HOW TO BE A RADICAL IN THE TIME OF CORONA.

HOW TO BE A RADICAL IN THE TIME OF CORONA.
March 20, 2020

Take a good look at yourself in the mirror. Wonder who you dare to be in this moment of mass alarm, canceled everything, communal seeking, social distancing, self-quarantine.

Remember being a young babe, 2005, studying Sanskrit. Studying Proto-Indo-European root words like rad-, which means root, which is where we get the words radish, and radical. To be radical—to be •a• radical—is to get to the root of it, the truth of it, to be unwilling to settle for what things seem to be on the surface. To be radical is to demand the real, the grit, the honest. To be a radical is to stand for truth, to be able to see unflinchingly, not just amidst family and friends, not just within your community, but also within yourself. Have you, ever in your life, given yourself radical love, approached the hallowed doors of your mind with total honesty?

Contemplate the difficulty here. Contemplate the ways in which you look away, you don’t want to see yourself, or others, those who don’t look like you, other roots in the soil that take distinct shape. Can you see who you are? Who you’ve become? What the ground where you’re planted, where you’re growing, has made of you? To get radical, to the root, the soil of your becoming must be tilled regularly. With compassion, with ruthless honesty, with a gathering of what makes you strong, and a release of what prevents growth.

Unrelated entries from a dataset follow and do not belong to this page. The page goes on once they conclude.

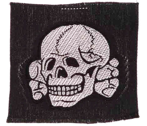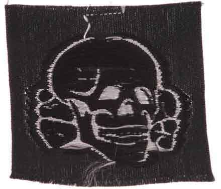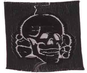 Black rayon base from a 45 mm wide roll, machine embroidered bevo skull in lusterous grey thread, scarce, mint unissued condition.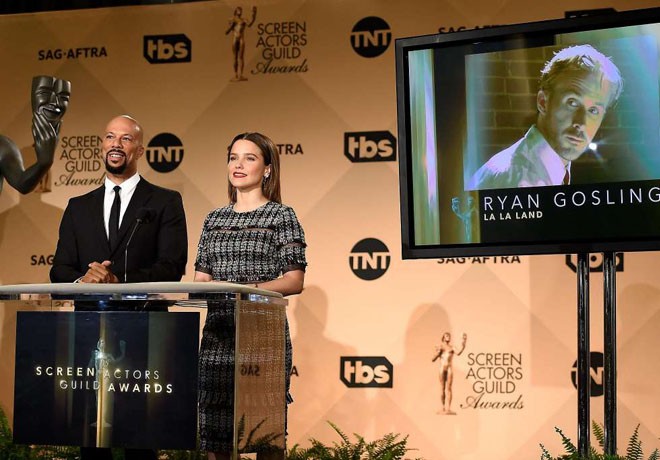 Previas palabras de la presidenta de SAG-AFTRA, Gabrielle Carteris (la recordada Andrea Zuckerman de “Beverly Hills 90210”), la actriz Sophia Bush (la detective Erin Lindsay de «Chicago P.D.») y el cantante y actor Common («Selma») fueron los encargados de anunciar 13 categorías: ocho de televisión, liderada por «The Crown»; y cinco correspondientes a cine, con el film «Manchester by the Sea» a la cabeza.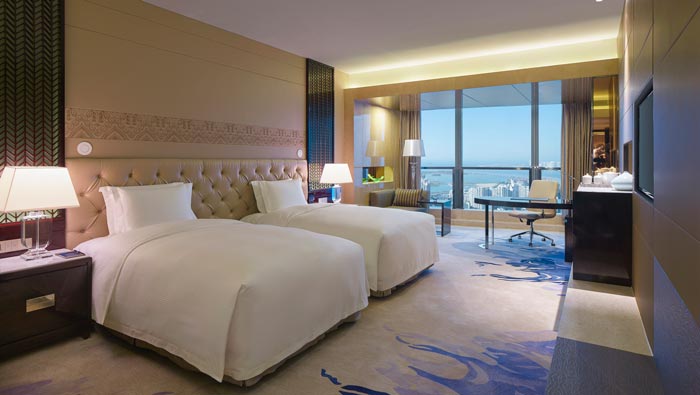 雙人間的設(shè)計:此次的落地窗是一大亮點,當顧客進入空間之后,相信也是很累了,設(shè)計師要做的就是讓顧客可以在這里得到暫時的緩解,此時落地窗發(fā)揮了作用,顧客坐在窗邊,欣賞著外面的車水那龍,欣賞著外面逐漸變小的建筑與人,讓自己的心平靜下來。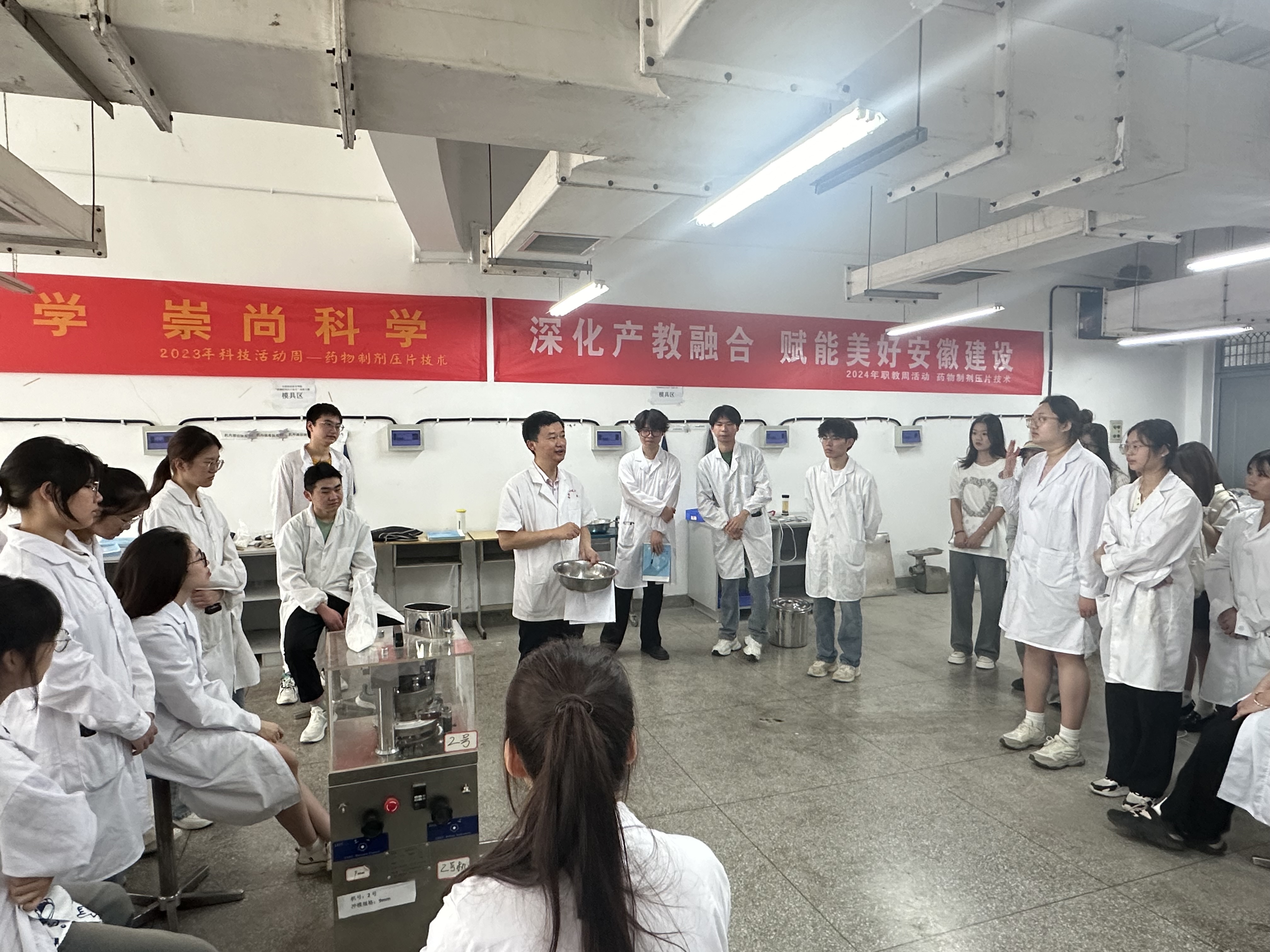 为贯彻落实“深化产教融合,赋能美好安徽建设”职教周主题精神,5月22日在鼓山校区药物制剂实训中心开展“药物制剂压片技术”科普体验活动。本次活动集中展示现代制药技术和制药设备,涉及模拟药品生产企业的片剂岗位、胶囊制备岗位和包衣岗位及其关键设备旋转压片机、全自动胶囊填充机及片剂高效包衣机等实操内容。KY开元集团官网入口第一党支部范高福工作室“双带头人”范高福、韦梦强两位老师担任讲解员,接待校内园林类专业、食品类专业及其他专业参观人员80余人次。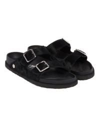 Birkenstock Black 1774 Arizona Slippers. Black pony hair upper, tonal leather-lined anatomical cork and latex footbed, iconic double strap with large buckles. EVA outsole, slip-on style. DETAILS Model: 1031763_BLACK Composition: 100% Leather; Details: 100% Brass; Sole: 100% Rubber Made in: GERMANY Season: FW25-26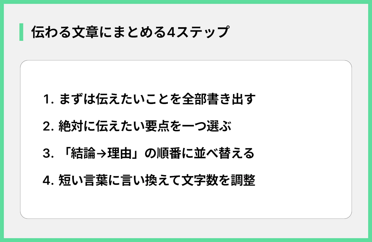 すべての情報を無理に詰め込もうとすると、かえって読みにくくなり、何が言いたいのか伝わらなくなってしまいます。まずは書きたいことをすべて紙に書き出し、そこから「これだけは絶対に伝えたい!」というポイントを厳選する作業から始めてみましょう。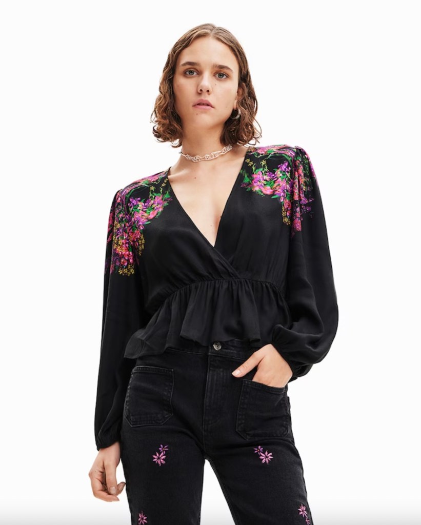 Si quieres un modelo que le agregue algo de color a tu estilismo invernal, no dudes en elegir esta blusa de Desigual. Tiene un diseño cruzado precioso y favorecedor, de escote en V, manga larga abullonada y un estampado floral en la parte superior de lo más delicado. Precio: 79,95 euros 39,97 euros.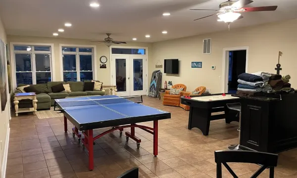 Evening options include the Stone Firepit, Oversized Screened Porch, Ping Pong, Air Hockey, Pool Table, Board Games/Puzzles and/or enjoying a movie or sporting event screened in your own Stadium-Seat Home Theatre!
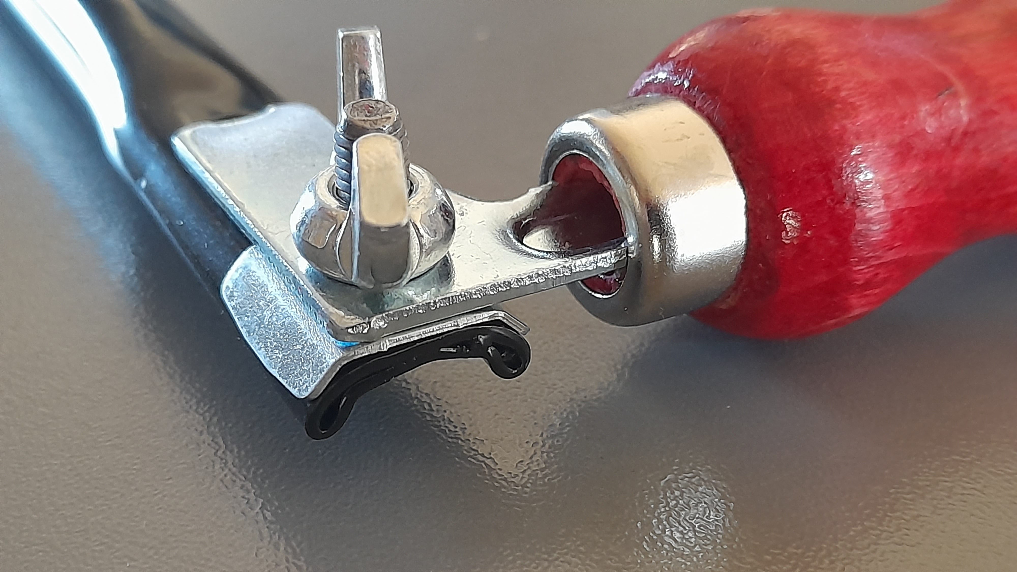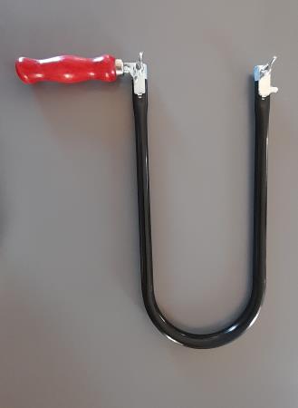 Ruční lupénková pilka s lehkým ocelovým kulatým rámem, bukovou rukojetí a přesnou upínací kleštinou. Hloubka řezu: 300 mm.

Of course, every now and again, blight will threaten the strength of your root system. And you will remember you are nothing without the soil itself, the entire ecosystem you thrive in, that you cannot survive without acknowledging your interdependence as one tiny, perhaps memorable, part of the whole. It is the loam that teaches you to send tender shoots down into darkness. That demands you stand in the sun and see, in stark awe, what becomes of a world filled with those who choose to open their eyes to each other, to feel, to give, to be fully. Rooted. Radicals.

Look in the mirror today. I dare you. What do you see?